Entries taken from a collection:
• • • •

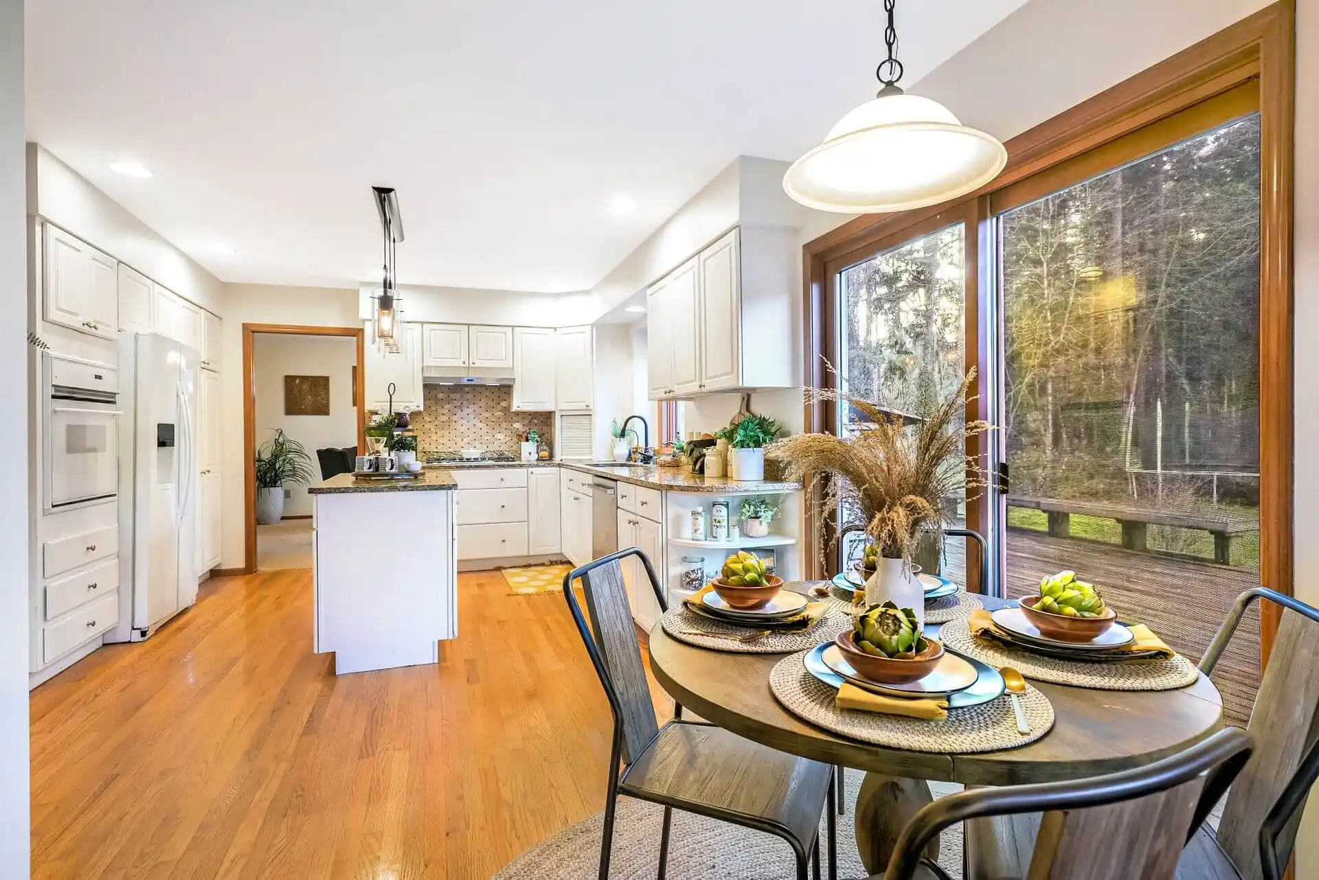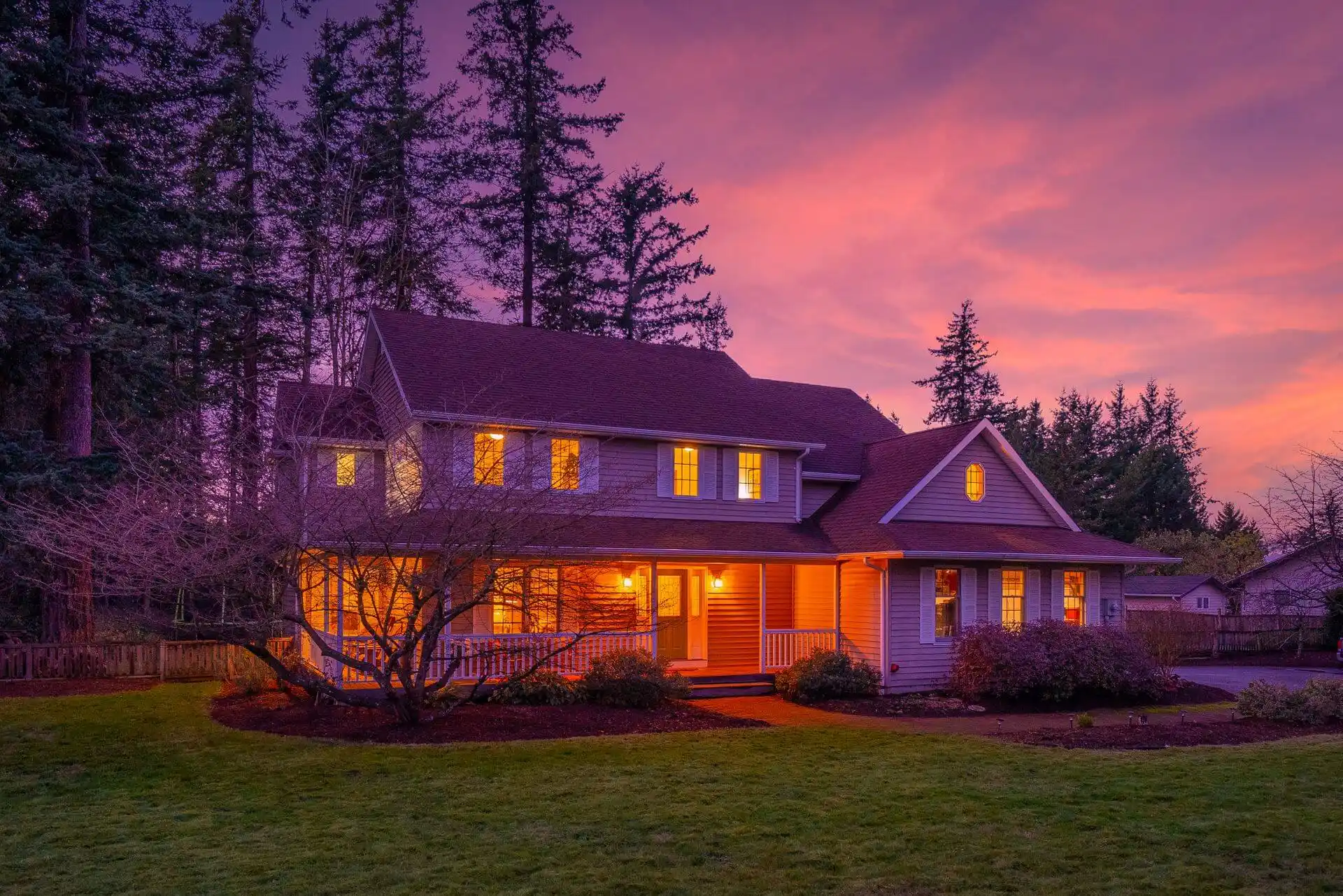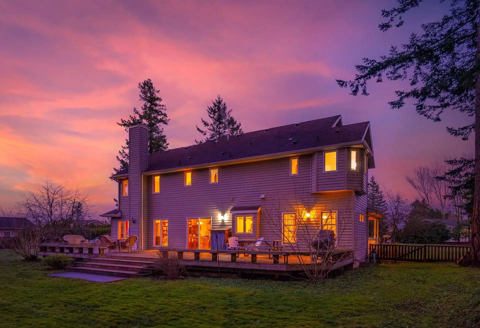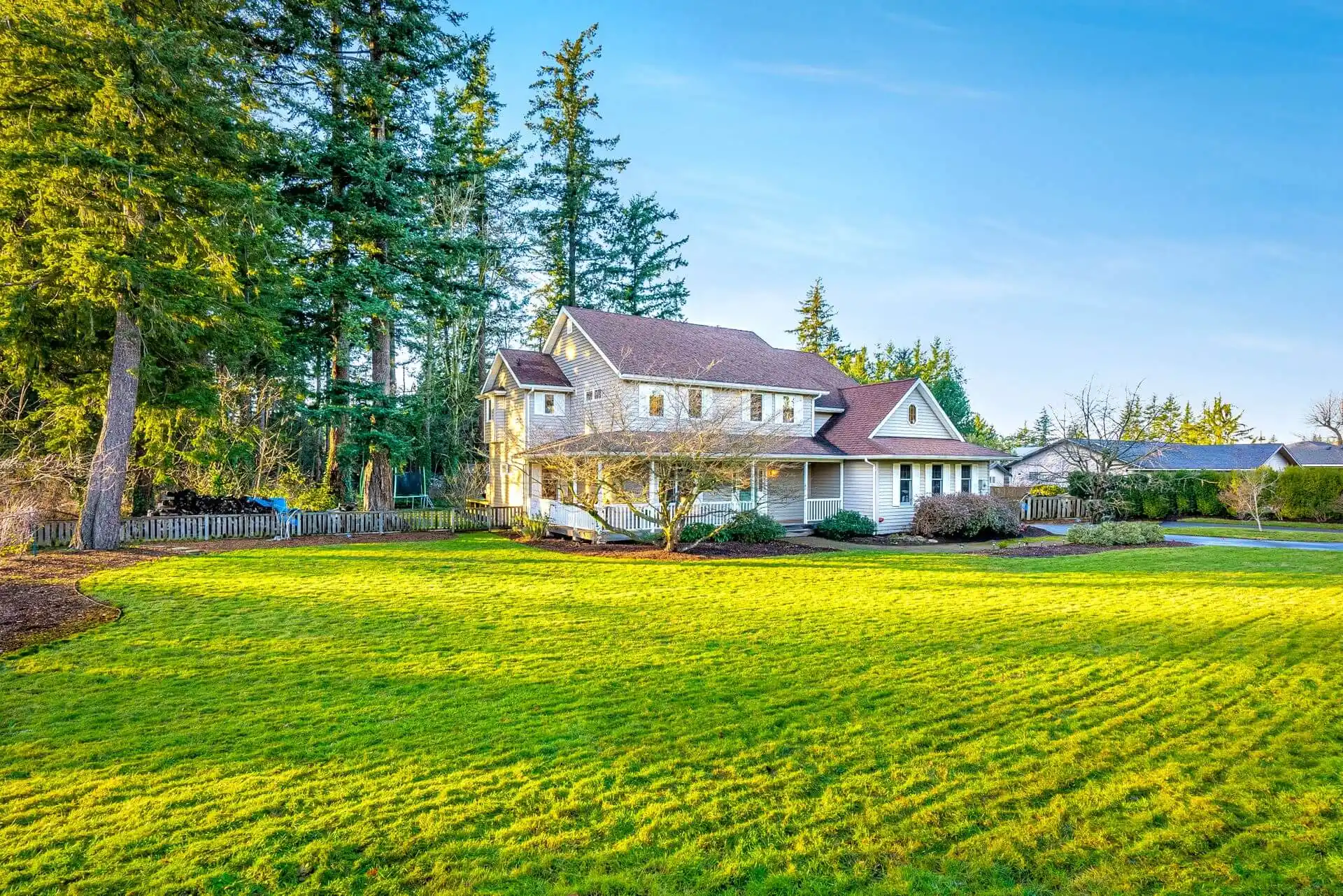 You’ll love coming home to this beautiful two-story home tucked away on nearly an acre of quiet property. The moment you enter the full-circle driveway, mature landscaping and a brick paver path leads you to the welcoming wrap-around porch. The entry flows into the first living room made cozy with an accent fireplace and continues effortlessly into the formal dining space. Entertaining is made easy in the kitchen, boasting granite countertops, ample cabinetry, a centerpiece island, and a dry bar with a kegerator and drink fridge. Spend evenings relaxing by the wood-burning stove in the main living room or on the back deck, enjoying beautiful PNW evenings in the quiet and private backyard. The owner’s suite is a personal oasis where you can start your mornings with ease in the spacious walk-in closet and retreat at the end of the day in the jetted soaking tub. There are three additional generously sized bedrooms adjacent to a full bathroom down the hall. The home is conveniently located moments to Historic Downtown Ferndale, shopping, restaurants, and plentiful outdoor recreation within a short twenty-minute commute, including North Bellingham Golf Course and Birch Bay State Park.
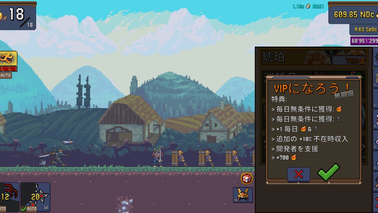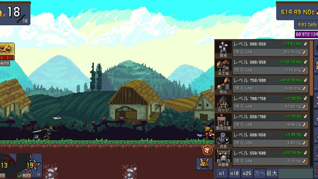 自然を駆け抜け、敵をひたすら斬り、村の施設を買う、そんなシンプルな内容。コツコツとお金が増えるのが快感で、なんとなく毎日やってしまう中毒性があります。
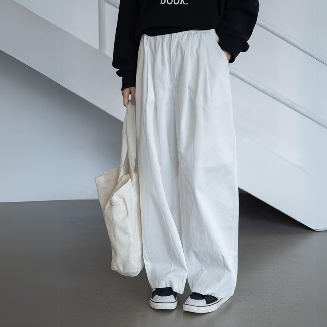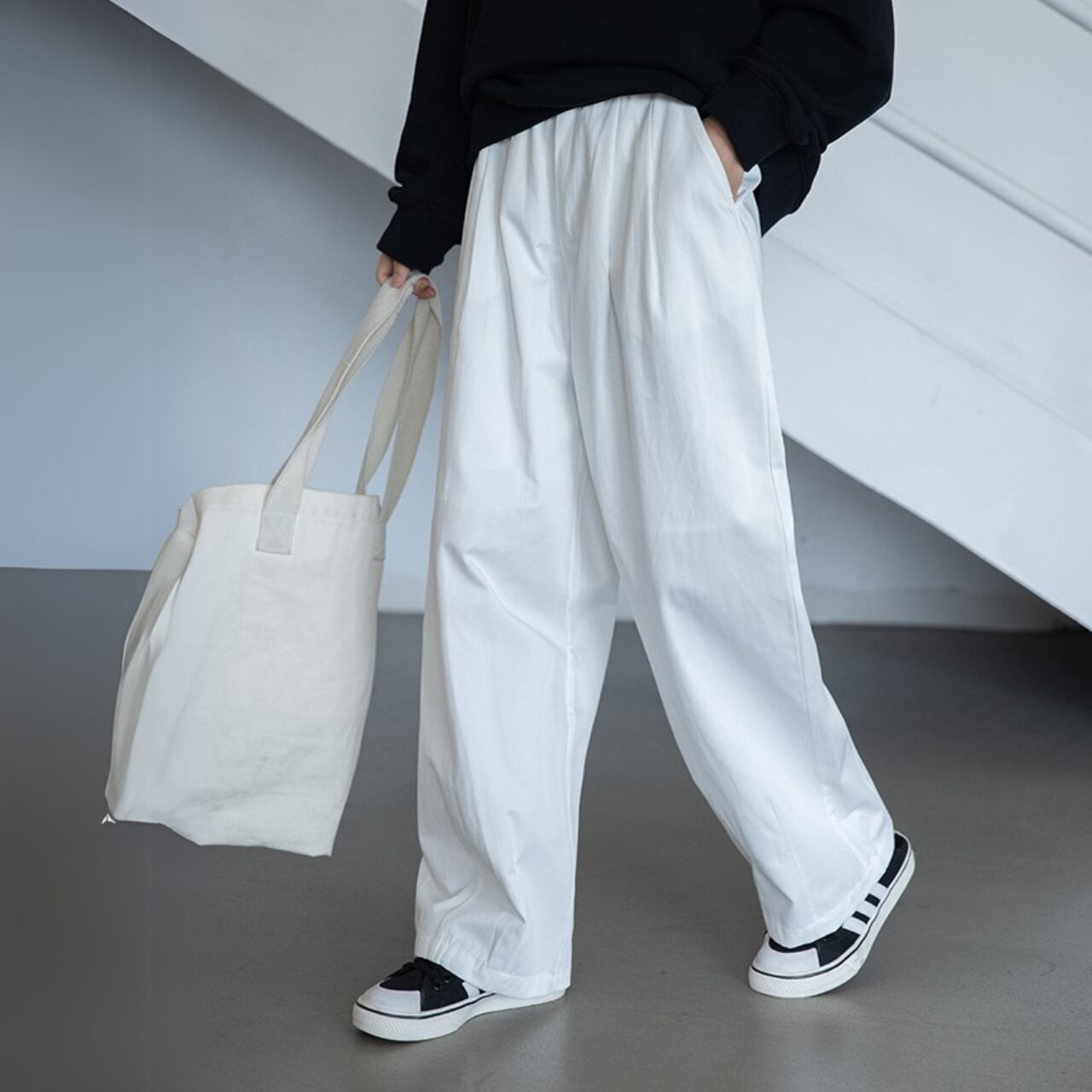 “下半身のラインがすっきり見えるワイドストレートシルエットが魅力的なイージーパンツ。程よくカジュアルで、でも品がある。大人女性にぴったりの要素が詰まったアイテムです。トップスをインした着こなしもおすすめ◎”
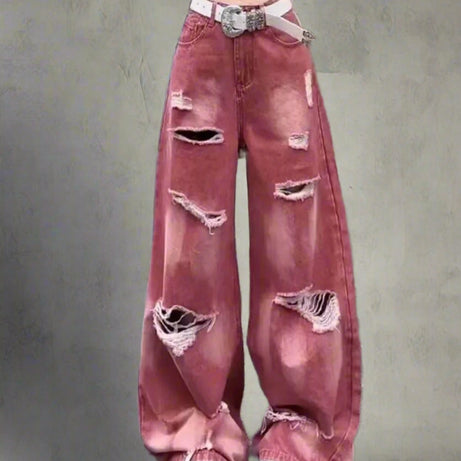 Ces jeans roses en détresse inspirés de l'inspiration rétro présentent un ajustement ample et ample avec des jambes larges et une série de déchirures audacieuses pour un bord grunge. Parfait pour un retour en arrière des années 90 ou un look de streetwear alternatif, ces jeans ajoutent une touche de couleur et de personnalité à n'importe quelle tenue.
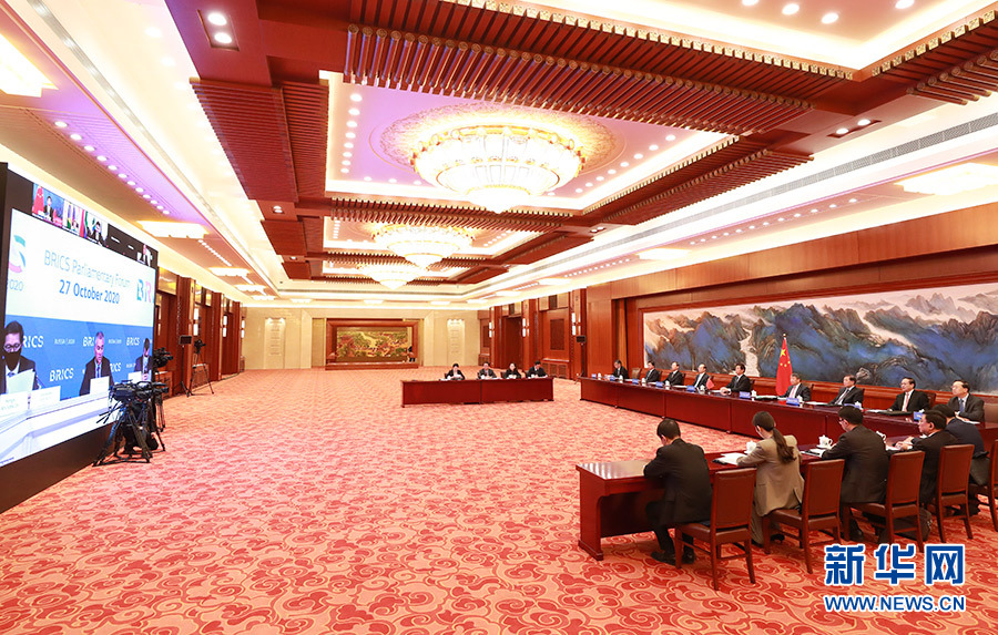 10月27日,全國(guó)人大常委會(huì)委員長(zhǎng)栗戰(zhàn)書(shū)在北京人民大會(huì)堂出席第六屆金磚國(guó)家議會(huì)論壇視頻會(huì)議并發(fā)表講話。 新華社記者 龐興雷 攝

• • • •

**Task item:** Could you write out exactly the lines running from the one with "Ces jeans roses" through the last line of the data above, both ends kept, and omit any picture?

**Exercise answer:**
 Ces jeans roses en détresse inspirés de l'inspiration rétro présentent un ajustement ample et ample avec des jambes larges et une série de déchirures audacieuses pour un bord grunge. Parfait pour un retour en arrière des années 90 ou un look de streetwear alternatif, ces jeans ajoutent une touche de couleur et de personnalité à n'importe quelle tenue.
 10月27日,全國(guó)人大常委會(huì)委員長(zhǎng)栗戰(zhàn)書(shū)在北京人民大會(huì)堂出席第六屆金磚國(guó)家議會(huì)論壇視頻會(huì)議并發(fā)表講話。 新華社記者 龐興雷 攝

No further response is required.